**Exercise prompt**
Write out exactly the lines below starting at the one containing "Calon Presiden Anies" and ending at the one containing "점점 더 확고해지는 사라". Omit every picture.
[Records provided Boundary: Start]
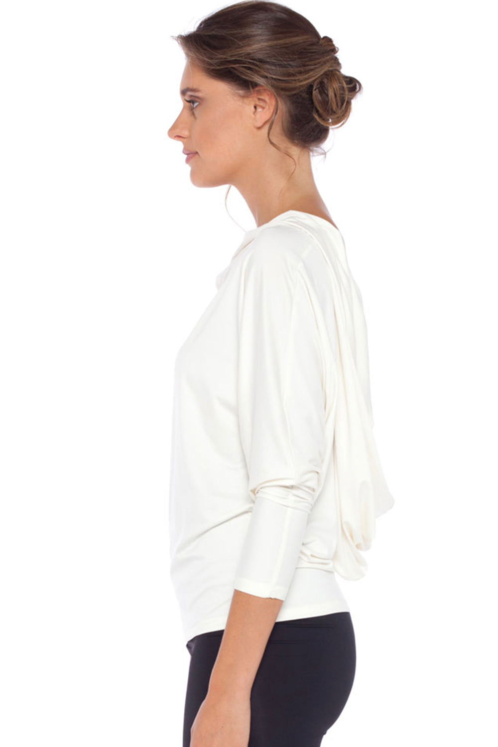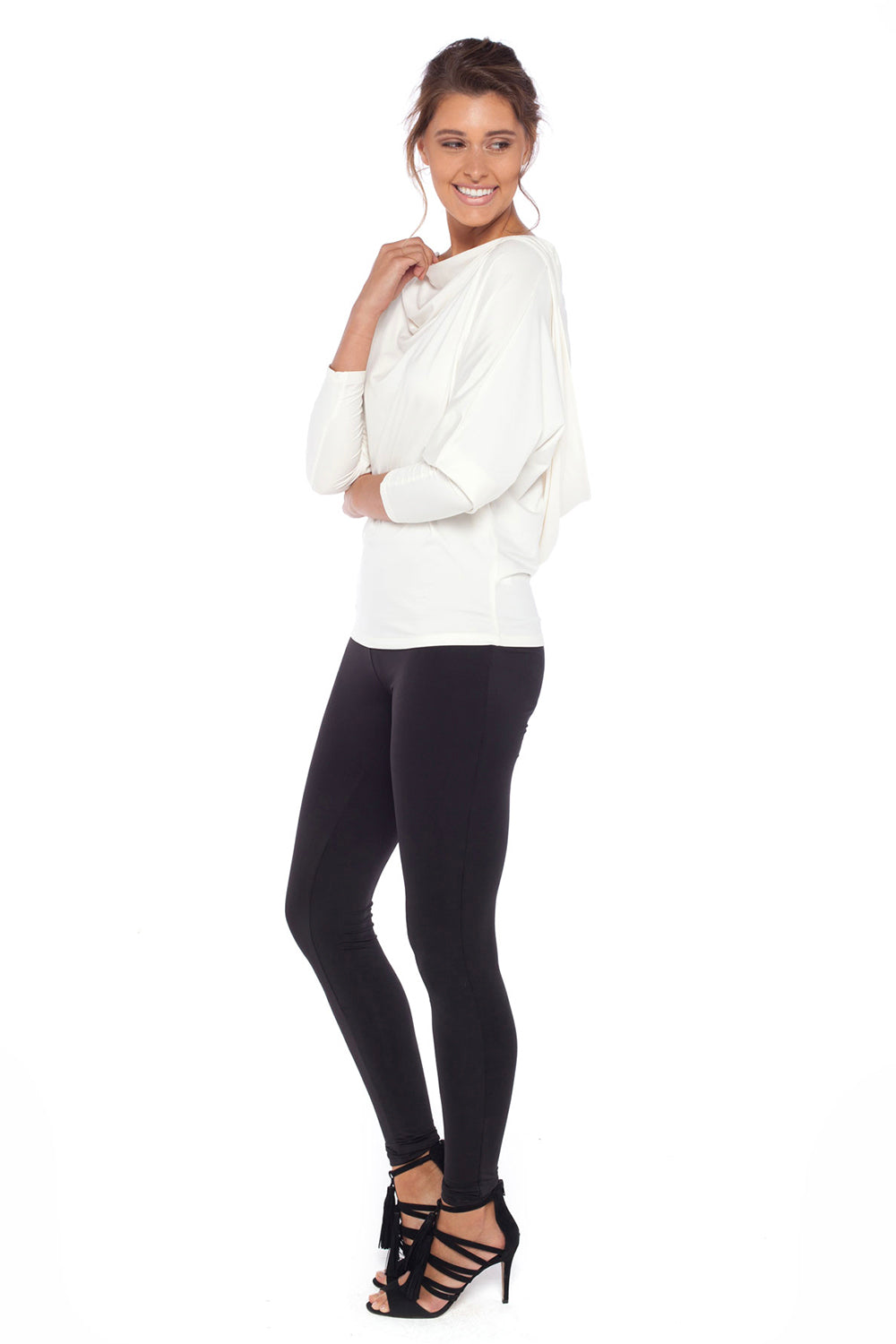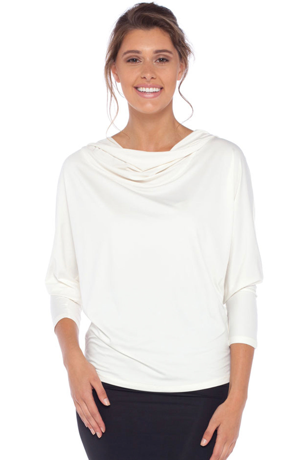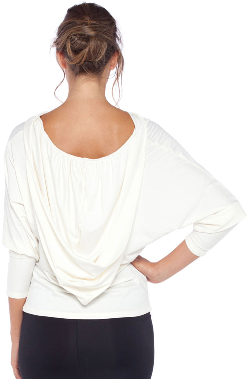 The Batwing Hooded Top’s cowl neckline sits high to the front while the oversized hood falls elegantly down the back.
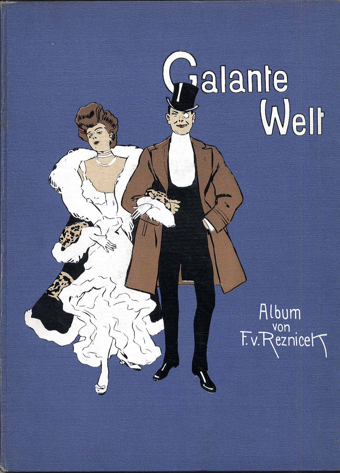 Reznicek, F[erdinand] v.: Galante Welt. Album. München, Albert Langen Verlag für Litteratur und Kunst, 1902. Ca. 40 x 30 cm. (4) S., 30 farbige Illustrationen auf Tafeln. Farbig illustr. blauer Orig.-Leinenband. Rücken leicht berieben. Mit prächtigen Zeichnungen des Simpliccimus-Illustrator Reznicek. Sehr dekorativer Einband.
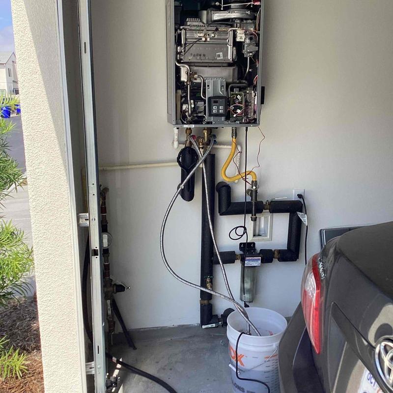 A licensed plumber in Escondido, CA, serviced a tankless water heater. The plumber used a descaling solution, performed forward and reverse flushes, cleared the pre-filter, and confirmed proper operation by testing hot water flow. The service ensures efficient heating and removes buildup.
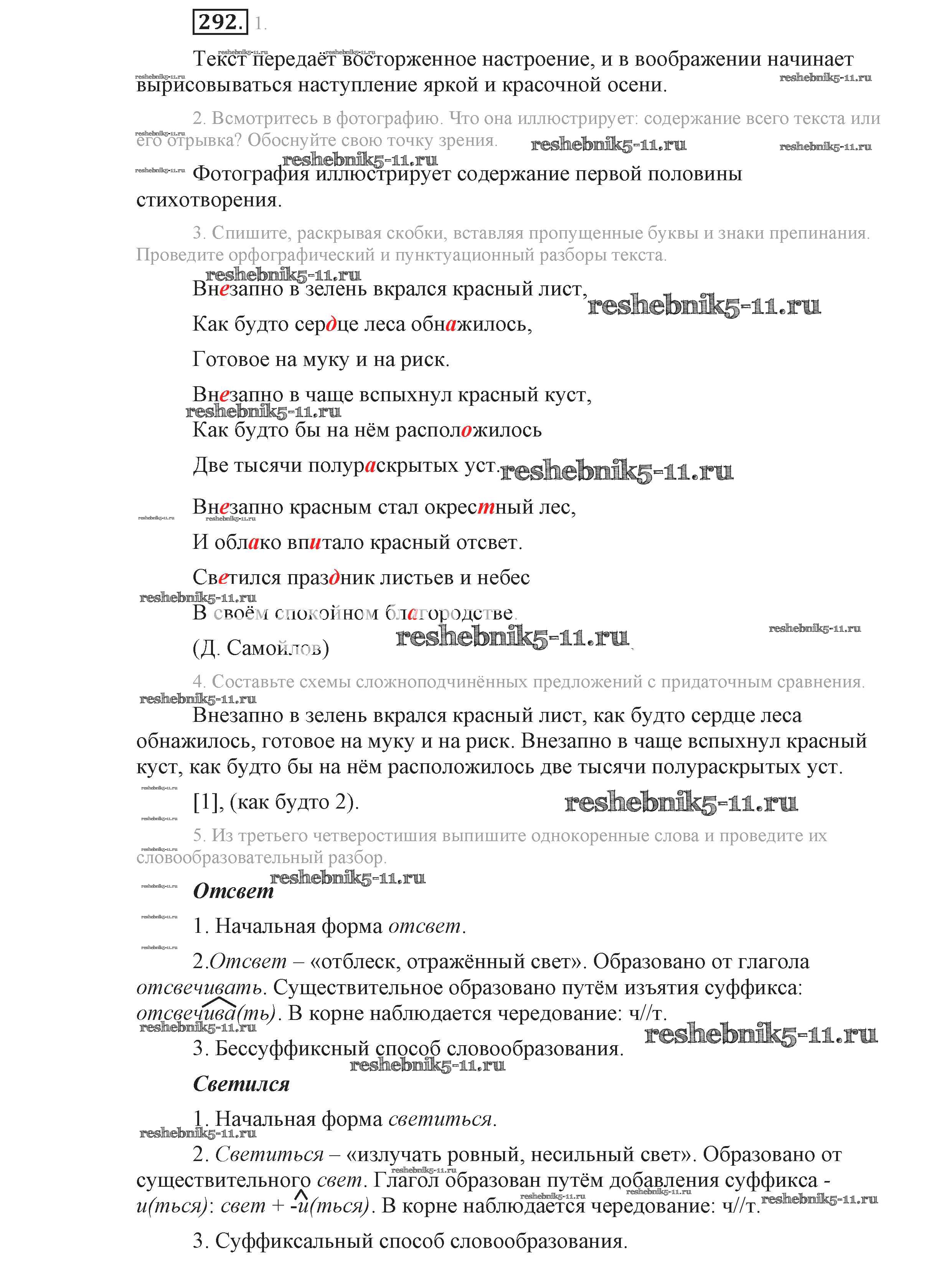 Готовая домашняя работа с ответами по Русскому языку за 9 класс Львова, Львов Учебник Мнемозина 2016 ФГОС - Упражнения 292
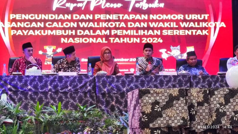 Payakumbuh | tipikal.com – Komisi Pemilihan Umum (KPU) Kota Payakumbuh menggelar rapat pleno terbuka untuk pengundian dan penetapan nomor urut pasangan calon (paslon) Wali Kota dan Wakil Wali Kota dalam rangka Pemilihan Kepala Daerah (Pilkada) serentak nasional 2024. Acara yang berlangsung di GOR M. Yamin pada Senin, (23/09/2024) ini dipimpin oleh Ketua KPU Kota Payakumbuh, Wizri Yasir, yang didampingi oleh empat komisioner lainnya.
[Records provided Boundary: End]
[Records provided Boundary: Start]
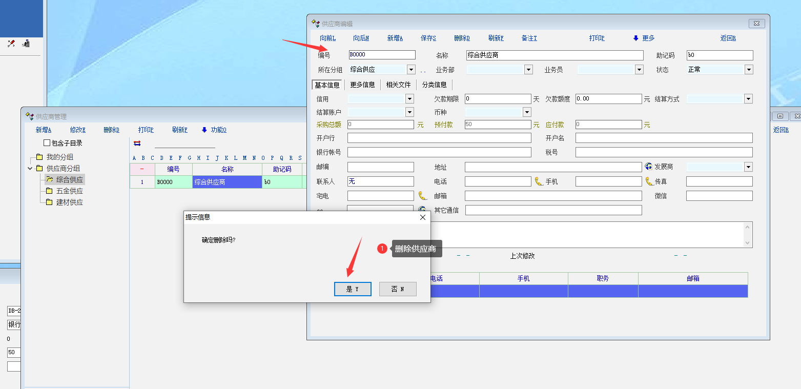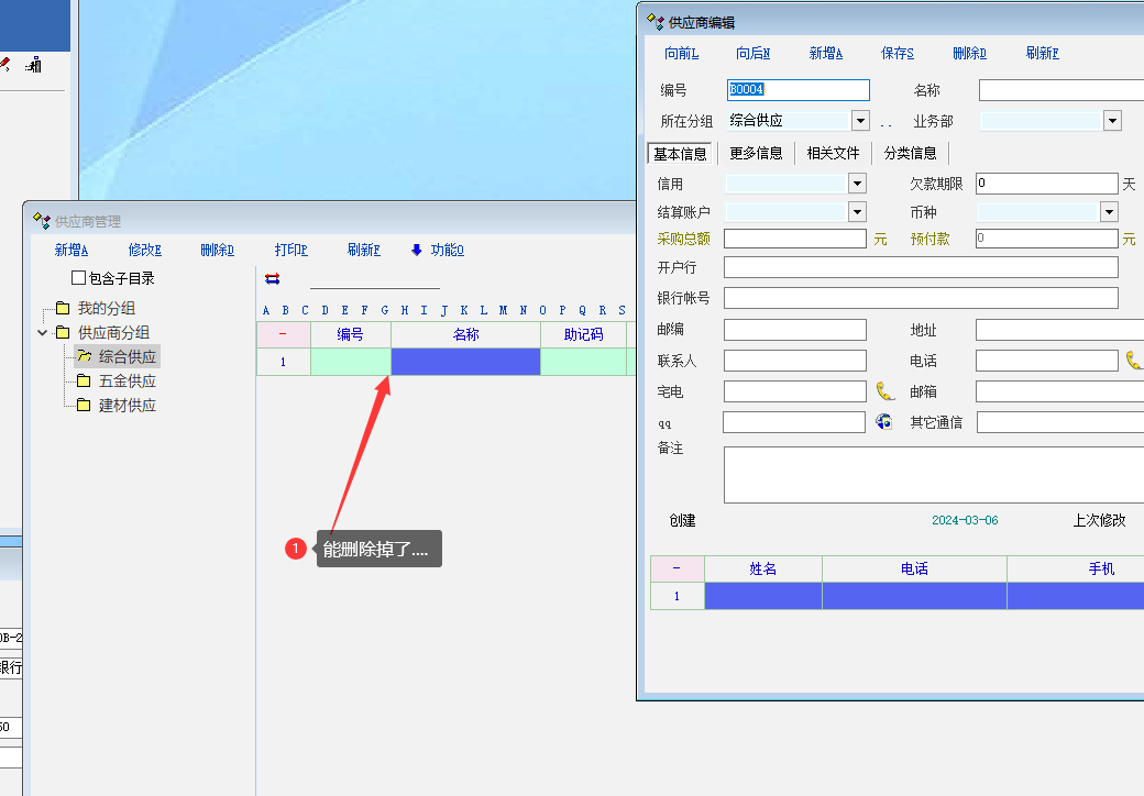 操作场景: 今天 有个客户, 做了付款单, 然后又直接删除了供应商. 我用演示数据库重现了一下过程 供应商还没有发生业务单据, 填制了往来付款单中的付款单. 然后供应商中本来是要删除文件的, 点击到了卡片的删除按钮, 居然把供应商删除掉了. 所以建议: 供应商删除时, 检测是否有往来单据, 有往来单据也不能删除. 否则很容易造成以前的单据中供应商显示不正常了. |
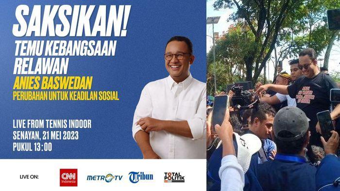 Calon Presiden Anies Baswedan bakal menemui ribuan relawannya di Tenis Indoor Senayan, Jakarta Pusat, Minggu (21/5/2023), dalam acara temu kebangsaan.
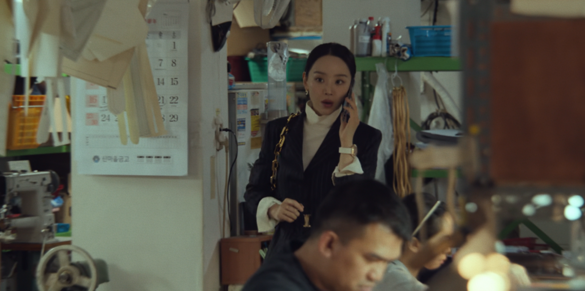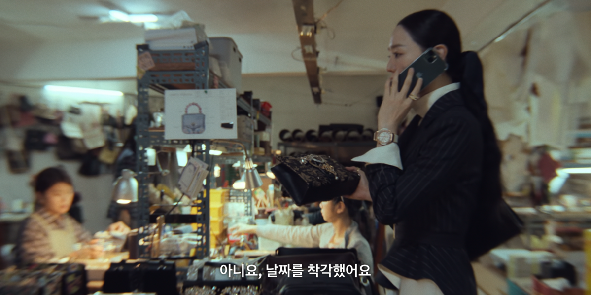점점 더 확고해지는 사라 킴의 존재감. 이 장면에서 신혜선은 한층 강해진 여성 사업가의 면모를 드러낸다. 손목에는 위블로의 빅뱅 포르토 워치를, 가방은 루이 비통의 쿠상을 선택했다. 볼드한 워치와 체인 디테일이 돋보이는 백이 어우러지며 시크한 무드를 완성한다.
[Records provided Boundary: End]
**Result of this exercise**
 Calon Presiden Anies Baswedan bakal menemui ribuan relawannya di Tenis Indoor Senayan, Jakarta Pusat, Minggu (21/5/2023), dalam acara temu kebangsaan.
점점 더 확고해지는 사라 킴의 존재감. 이 장면에서 신혜선은 한층 강해진 여성 사업가의 면모를 드러낸다. 손목에는 위블로의 빅뱅 포르토 워치를, 가방은 루이 비통의 쿠상을 선택했다. 볼드한 워치와 체인 디테일이 돋보이는 백이 어우러지며 시크한 무드를 완성한다.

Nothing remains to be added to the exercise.